Investasi Bodong

370 86 60
                                    

Ekhm, excuse me Guys
I LO VE YO U
😘

Ehehehe, ada yang masih nyimpen ini cerita di library-nya?

---

"Hanbin ke mana, Mah?"

Hayi melirik tajam kepada putra tunggalnya itu. "Ru, jangan kebiasaan coba. Itu Papah kamu. Asal panggil Hanbin aja."

"Elah, biar gaoool gitu, Maaah," balas Haruto tidak tahu diri. Remaja yang masih mengenakan seragam SMAnya itu kini sudah duduk di meja makan, menikmati beberapa buah di sana.

"Gaul, gaul. Api neraka lebih panas dari pada Bekasi!"

Haruto yang sedang memakan jeruk seketika tersedak. "Mantap kali kata-kata mamakku ini kawan!" ucapnya tiba-tiba berubah menjadi orak Batak. "Ngomong-ngomong, Mah. Kalo lebih panas dari Bekasai, berarti apinya sepanas Semarang ya?"
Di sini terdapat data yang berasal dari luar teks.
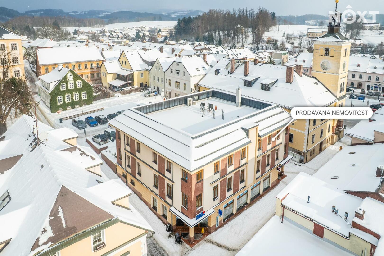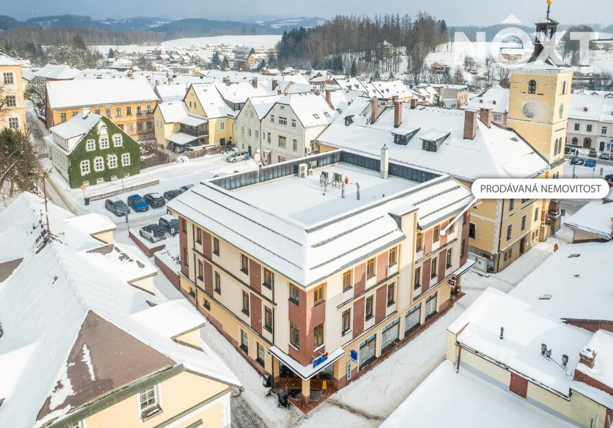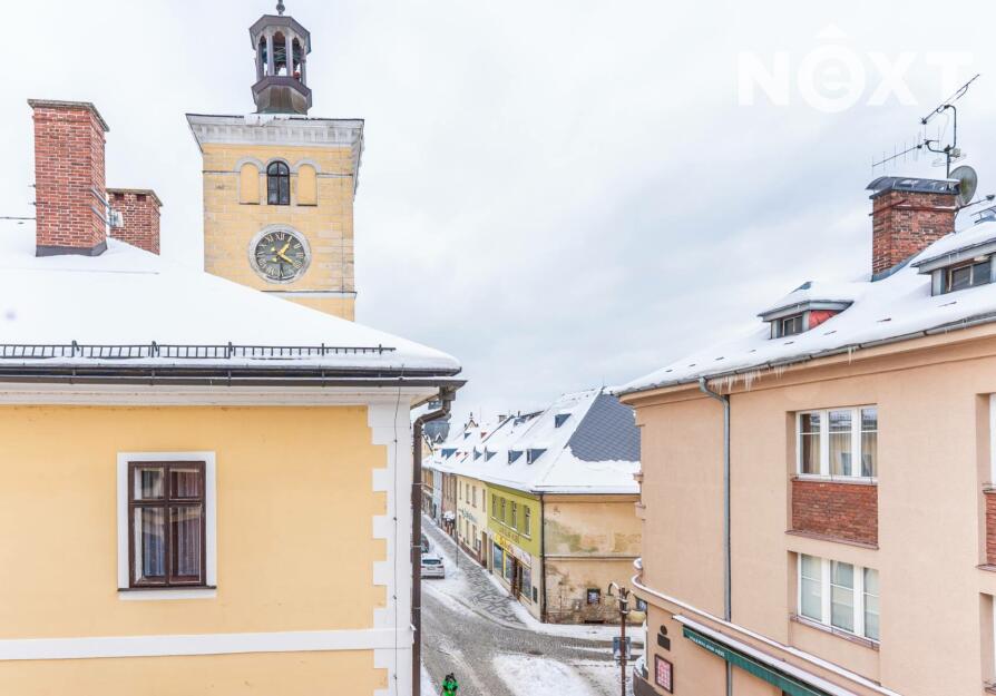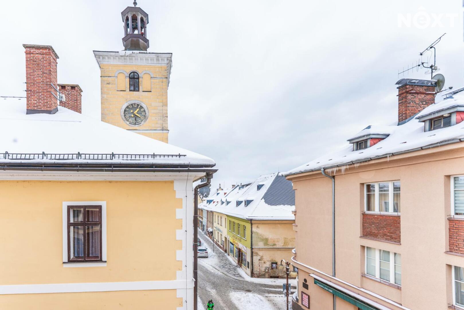 Prodej moderního bytu 2kk, 64 m², s parkovacím stáním a velkým sklepem v centru Jilemnice – pěší zóna ulice Jana Harracha.

Tuhan, berikanlah kesabaran untuk Lee Hayi. Jangan sampai ia berdoa yang tidak-tidak untuk putranya. Bahaya, doa ibu diijabahnya cepet.
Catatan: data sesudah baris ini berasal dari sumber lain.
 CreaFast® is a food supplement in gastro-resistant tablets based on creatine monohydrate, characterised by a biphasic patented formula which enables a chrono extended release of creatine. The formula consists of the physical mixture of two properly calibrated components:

"Kamu mending mandi, abis itu langsung bimbel. Jangan bolos lagi!"

Haruto yang awalnya masih sehat dengan tubuh bugar dan segar kini sudah berubah menjadi lesu. "Mah, kayaknya aku sakit, deh. Badan aku demam gitu," ucapnya memulai drama pura-pura sakit. "Hari ini nggak bimbel dulu ya?"

"Ya, udah," jawab Hayi menganggukkan kepalanya. "Hari ini kamu nggak usah bimbel--"

"YEEEESS--"

"Tapi, malem ini kamu juga nggak makan. Terus, uang jajan buat besok cuma setengah dan nggak boleh bawa mobil ke sekolah. Naik angkot--"

"AKU UDAH SEHAT, INI MAU MANDI, KOK. SIAP BIMBEL, BELAJAR KIMIA RUTO COMIIIING!" Lelaki itu langsung melompat dari posisi duduknya. Berlari menuju kamar mandi di area dapur. "AKU CINTA KIMIAAA! TAPI LEBIH CINTA LAGI KALO NGGAK ADA KIMIAAA!"

Hayi menatap bingung putranya. Memperhatikan pintu kamar mandi yang sudah tertutup rapat. "Bukannya anak gue masuk IPS, ya? Kok tiba-tiba dia belajar kimia? Nggak mungkin juga anaknya Kim Hanbin ngambi peminatan Kimia."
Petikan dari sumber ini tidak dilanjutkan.